Lending Terms Flashcards
Acquisition Loan
A one-time loan given to a company to purchase a specific asset. The acquisition loan is typically only able to be used for a short window of time, and only for specific purposes.
Construction Loan
A short-term, interim loan for financing the cost of construction. The lender makes payments to the builder at periodic intervals as the work progresses.
Will not be more than the permanent loan. Will often require a secured permanent loan or other additional security. Often has variable interest rate and will require an equity guarantee from the developer. Can also require a binding commitment from the provider of the permanent loan
Permanent Loan
Will eventually be used to pay off the construction loan. Used once building is complete and project refinanced.
Standard permanent loan has fixed monthly payments, fully repaid over the loan period, each monthly payment includes interest, and a non-recourse mortgage. Lender will make sure that the NOI + Reserve Fund = Monthly payments.
Loan amount will be the smallest of either the Debt Coverage Ratio or Loan-to-Value Ratio.
Mini-Permanent Loan (mini-perm)
Short-term financing used to pay off income-producing construction or commercial properties, usually payable in three to five years.
A developer will use this type of financing prior to being able to access long-term financing or permanent financing solutions.
Balloon Loan
Standard in commercial transactions. Amortization schedule is longer than the loan term. Allows for lower level payments, and the lender does not have to keep their money out for so long.
A mortgage loan that requires the remaining principal balance be paid at a specific point in time.
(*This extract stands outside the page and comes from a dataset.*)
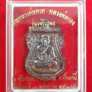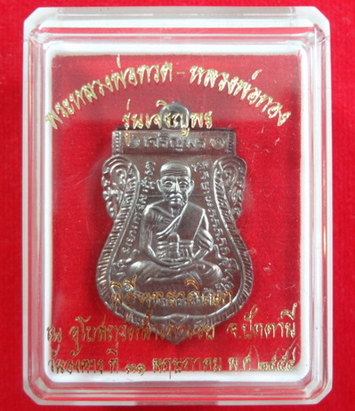 เหรียญเสมาเจริญพรบน หลวงปู่ทวดหน้าเลื่อน หลังหลวงพ่อทอง รุ่นเจริญพร หลวงพ่อทอง วัดสำเภาเชย จ.ปัตตานี รุ่นสุดท้าย 31 พฤษภาคม พ.ศ.2554 เนื้อทองแดงนอกรมดำ ตอกโค๊ต “เลื่อน” โค๊ตและหมายเลข _ _ _ ขนาดเหรียญ 2 X 3.1 cm. จำนวนสร้าง 19,999 เหรียญ

For example, a loan may be amortized as if it would be paid over a thirty year period, but requires that at the end of the tenth year the entire remaining balance must be paid.
Recourse Loan
If the project goes under, the lender can take over the project and sue for the other borrower assets as per the amount of debt still owed.
Nonrecourse Loan
If project goes under (developer goes bankrupt), the construction lender takes over the project and become the owner. Other borrower assets are protected. Higher interest rate, favored by the borrower.
Loan Committment
A loan amount that may be drawn down, or is due to be contractually funded in the future. Loan commitments are found at commercial banks and other lending institutions and consist of both open-end and closed-end loans. Open-end loan commitments act like revolving credit lines, whereby if a portion of the loan is paid off, the principle repayment amount is added back to the allowable loan limit. Closed-end loans are reduced once any repayments are made.
Loan Closing
A meeting between borrower and lender in which transfer of ownership is accomplished, funds and deed are exchanged, and all loan documents, including the promissory note and mortgage, are signed.
Credit Enhancement
Credit enhancement is used to obtain better terms for an outstanding debt. Securitization, posting collateral and obtaining external credit enhancement such as a letter of credit are some basic forms of credit enhancement. Firms may also increase cash reserves or take other internal measures to uphold superior solvency ratios.
Developer’s Net Worth
The amount by which their assets exceed liabilities. Net worth is a concept applicable to individuals and businesses as a key measure of how much an entity is worth. A consistent increase in net worth indicates good financial health.
Liquid Net Worth
the amount of money that one has in cash. It also includes investments that can be easily and quickly liquidated and turned to cash.
Letter of Credit
Promise by a bank that they will make payments to lenders if certain conditions are met. Letter of credit is purchased from the bank by the developer as assurance for the construction lender.
Escrow Account
Escrow payment is a common term referring to the portion of a mortgage payment that is designated to pay for real property taxes and hazard insurance. It is an amount “over and above” the principal and interest portion of a mortgage payment.
Mortgage
A debt instrument, secured by the collateral of specified real estate property, that the borrower is obliged to pay back with a predetermined set of payments. Mortgages are used by individuals and businesses to make large real estate purchases without paying the entire value of the purchase up front. Over a period of many years, the borrower repays the loan, plus interest, until he/she eventually owns the property free and clear. Mortgages are also known as “liens against property” or “claims on property.” If the borrower stops paying the mortgage, the bank can foreclose.